## Your instructions
For the listing below, return the line containing "Сиреневая плитка для", the line containing "A romantic, vintage-inspired", and all lines in between, exactly as written and nothing else.

## Data for analysis
BEGIN
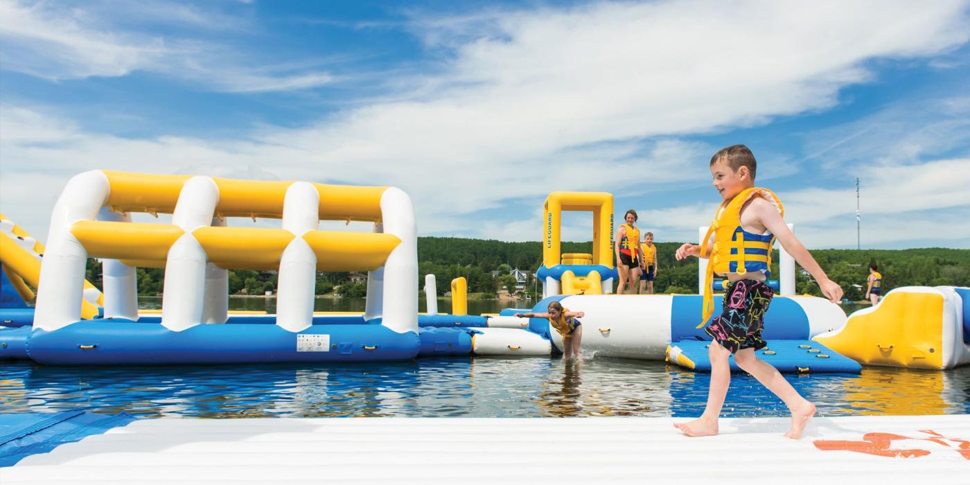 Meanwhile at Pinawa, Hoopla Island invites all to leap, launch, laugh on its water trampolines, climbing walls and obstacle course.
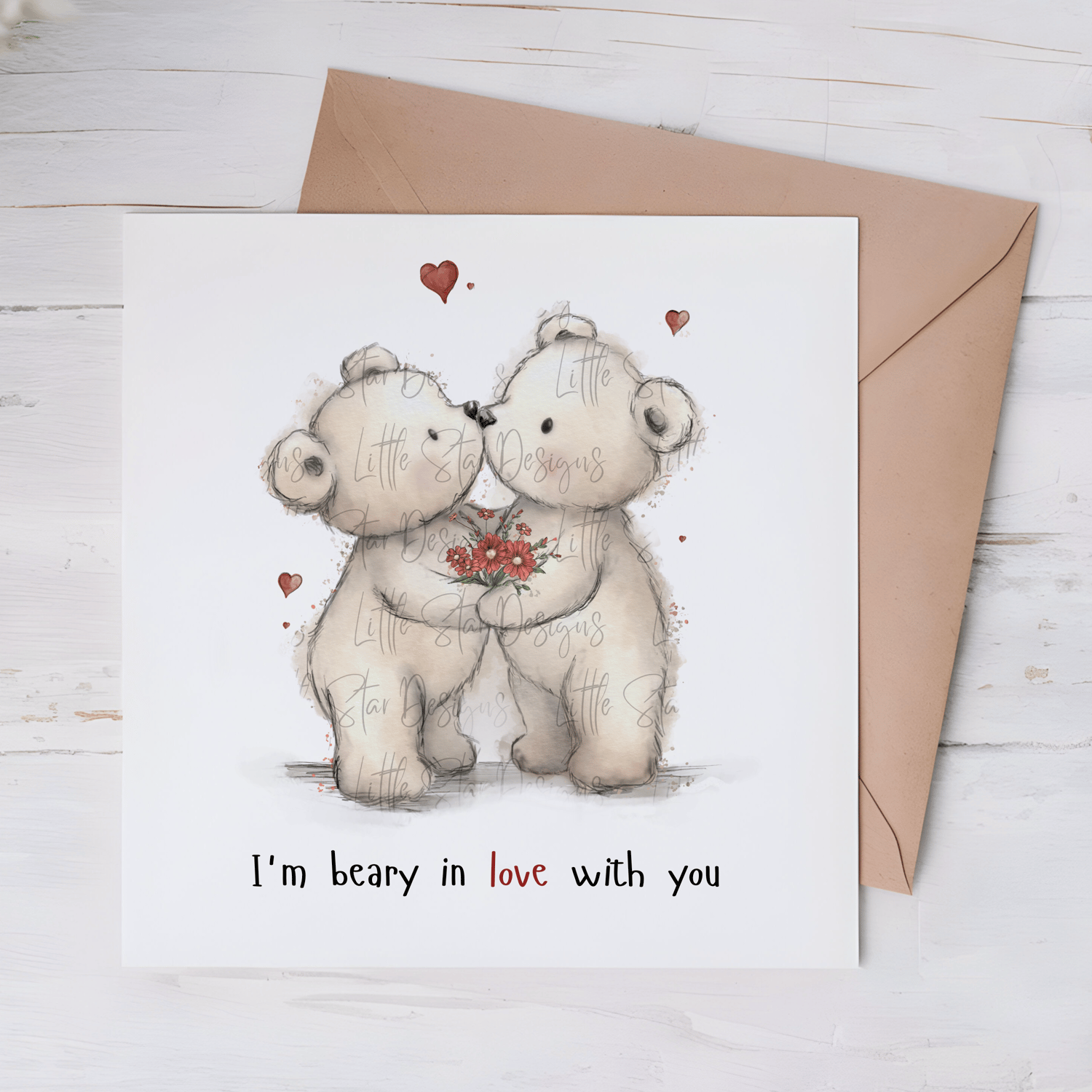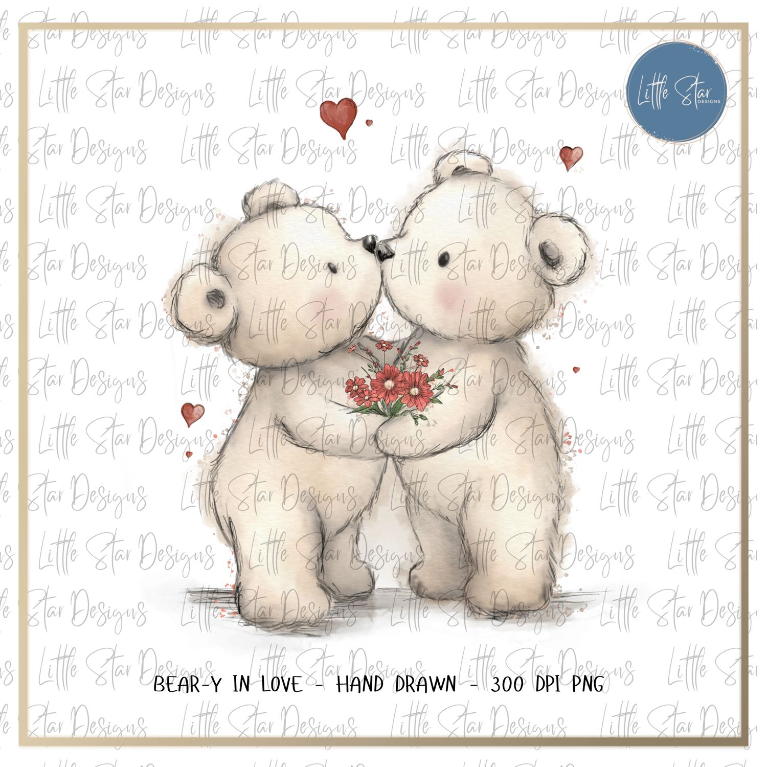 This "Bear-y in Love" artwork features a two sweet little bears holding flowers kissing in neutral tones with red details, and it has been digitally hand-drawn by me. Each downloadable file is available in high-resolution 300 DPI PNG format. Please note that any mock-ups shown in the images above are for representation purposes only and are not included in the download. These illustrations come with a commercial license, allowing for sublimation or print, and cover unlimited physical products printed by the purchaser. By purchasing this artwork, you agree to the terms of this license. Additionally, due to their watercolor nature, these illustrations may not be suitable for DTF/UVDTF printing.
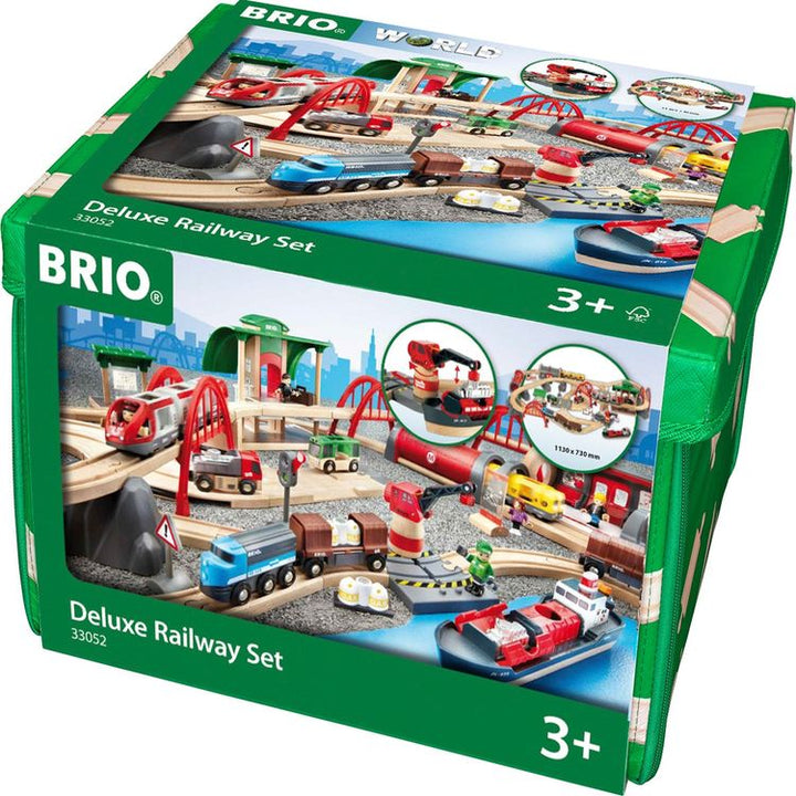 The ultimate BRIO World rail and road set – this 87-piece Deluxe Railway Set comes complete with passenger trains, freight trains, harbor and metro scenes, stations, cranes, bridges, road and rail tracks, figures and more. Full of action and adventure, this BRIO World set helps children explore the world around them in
END
BEGIN
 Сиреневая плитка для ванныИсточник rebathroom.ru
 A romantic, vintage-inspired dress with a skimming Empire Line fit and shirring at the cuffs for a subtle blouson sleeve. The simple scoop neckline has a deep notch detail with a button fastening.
END
BEGIN
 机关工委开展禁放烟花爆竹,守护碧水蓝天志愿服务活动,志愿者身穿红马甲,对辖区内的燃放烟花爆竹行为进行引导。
END
## Task solution
 Сиреневая плитка для ванныИсточник rebathroom.ru
 A romantic, vintage-inspired dress with a skimming Empire Line fit and shirring at the cuffs for a subtle blouson sleeve. The simple scoop neckline has a deep notch detail with a button fastening.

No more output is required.